_Task data_:
══════

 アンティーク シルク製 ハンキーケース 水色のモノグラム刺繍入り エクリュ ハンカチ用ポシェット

══════

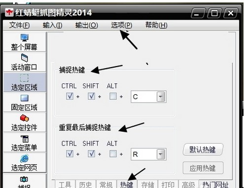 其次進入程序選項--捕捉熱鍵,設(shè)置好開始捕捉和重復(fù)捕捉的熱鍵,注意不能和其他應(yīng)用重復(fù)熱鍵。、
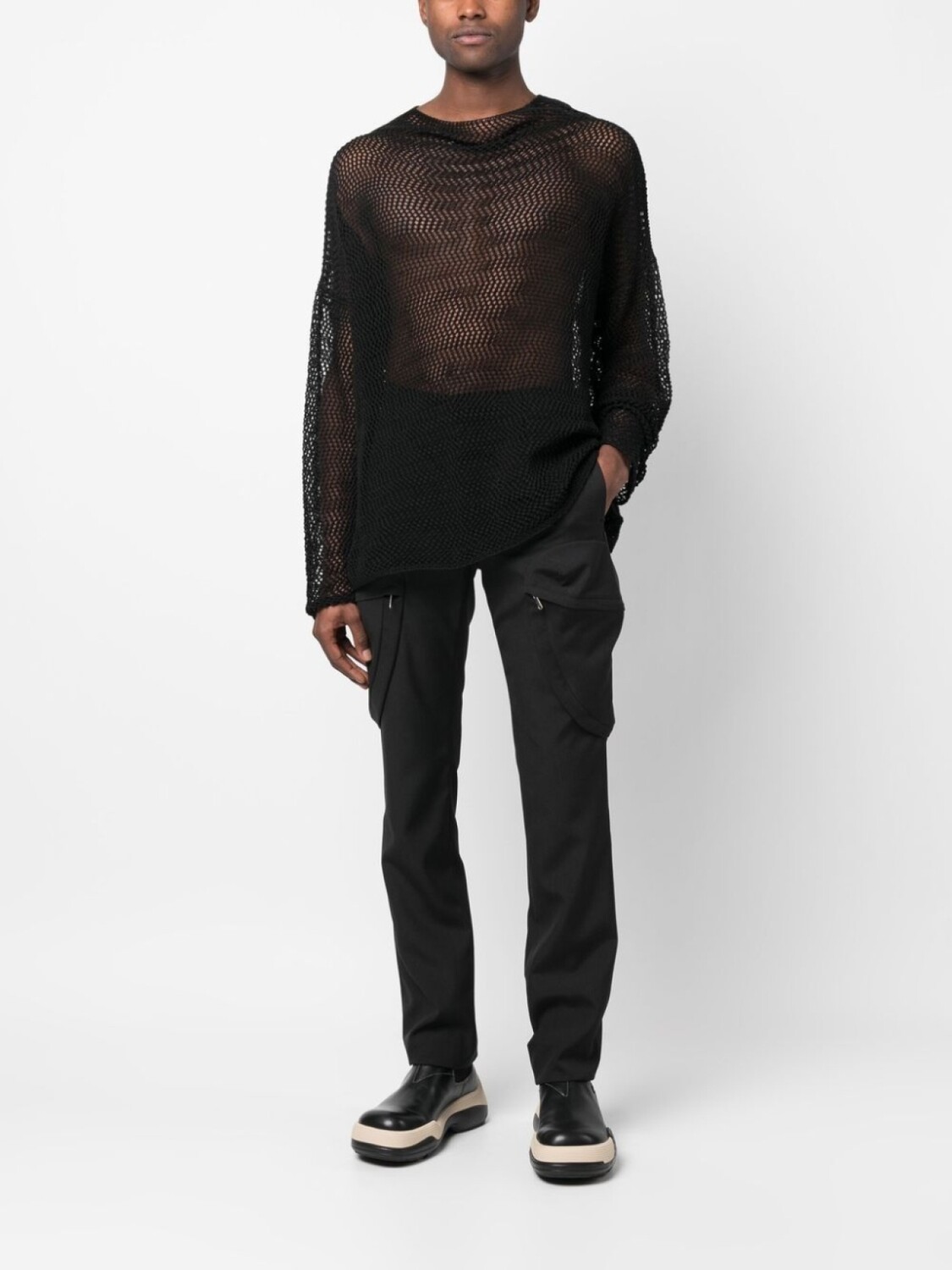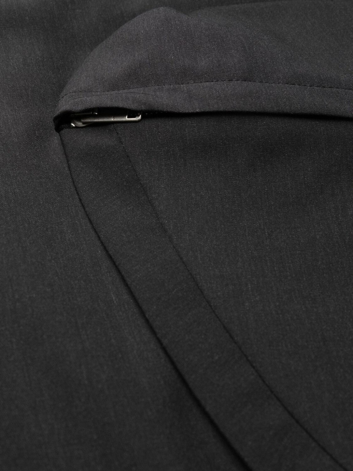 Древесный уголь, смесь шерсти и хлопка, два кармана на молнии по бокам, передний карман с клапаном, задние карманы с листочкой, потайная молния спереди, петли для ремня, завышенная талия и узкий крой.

══════

_What needs to be done_: Your answer should consist of the lines above between those holding "其次進入程序選項--捕捉熱鍵" and "Древесный уголь, смесь", inclusive, reproduced word for word and without pictures.

_Written reply_:
 其次進入程序選項--捕捉熱鍵,設(shè)置好開始捕捉和重復(fù)捕捉的熱鍵,注意不能和其他應(yīng)用重復(fù)熱鍵。、
 Древесный уголь, смесь шерсти и хлопка, два кармана на молнии по бокам, передний карман с клапаном, задние карманы с листочкой, потайная молния спереди, петли для ремня, завышенная талия и узкий крой.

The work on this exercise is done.